# What is this button?



## Dahmu (Jun 3, 2019)

I have searched and searched, but I cannot figure out what this button/knob is for on the dash. It clearly isn't working, bu still have no idea what it's for. Forum search and google search turned up nothing.


----------



## RMTZ67 (Mar 12, 2011)

Dahmu said:


> I have searched and searched, but I cannot figure out what this button/knob is for on the dash. It clearly isn't working, bu still have no idea what it's for. Forum search and google search turned up nothing.


 just a guess. Would that be your windshield washer pump squirter do hicky?


----------



## Dahmu (Jun 3, 2019)

RMTZ67 said:


> just a guess.
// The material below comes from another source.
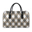 Brown And White Argyle Pattern Print Leather Duffle Bag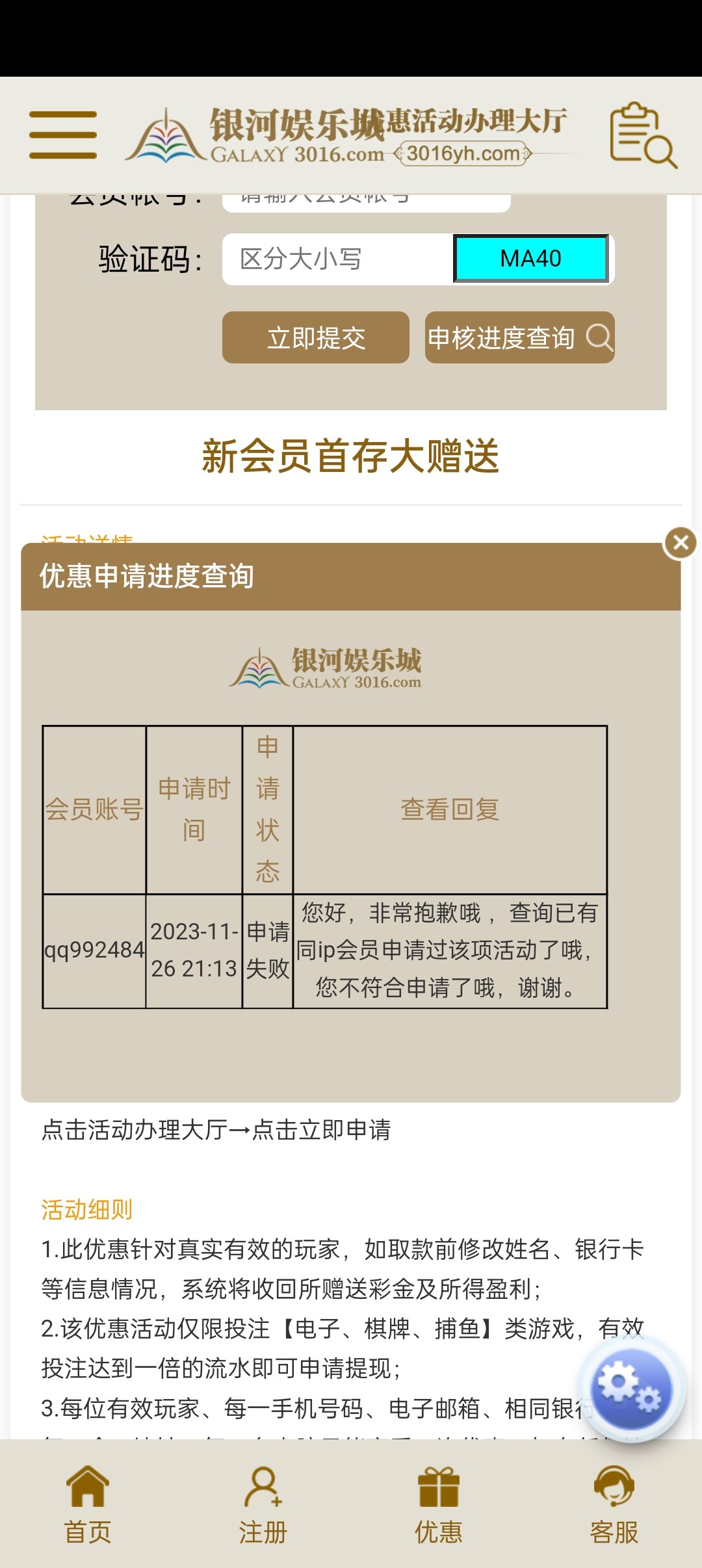 这种台子彩金不用想了!我确实是新用户,想充值的自己试,再说一次,说你重名,一切活动都申请不了!

Would that be your windshield washer pump squirter do hicky?


Ahhh yes the do hicky part!:grin2: That's actually a really good guess. My windshield wipers don't work either. That's most likely it. Thanks!


----------



## GTOJUNIOR (Aug 7, 2011)

The large portion of that knob/Switch controls on/off by turning left/right, 
while the smaller center button activates the washer pump when pushed in.


----------



## PontiacJim (Dec 29, 2012)

Wait, I know what that button is!!!! It is the Pontiac version of the "Go-Baby-Go" button found on the Eleanor Mustang from _Gone In 60 Seconds_. There it is at the 1:00 minute mark of the video:


----------



## Wilma (May 3, 2015)

It's your windshield wiper control. You turn it to make the wipers work and push the button to activate the washer.


----------



## PontiacJim (Dec 29, 2012)

Wilma said:


> It's your windshield wiper control. You turn it to make the wipers work and push the button to activate the washer.


So you are saying it ain't the Go-Baby-Go button? It could be .......maybe???


----------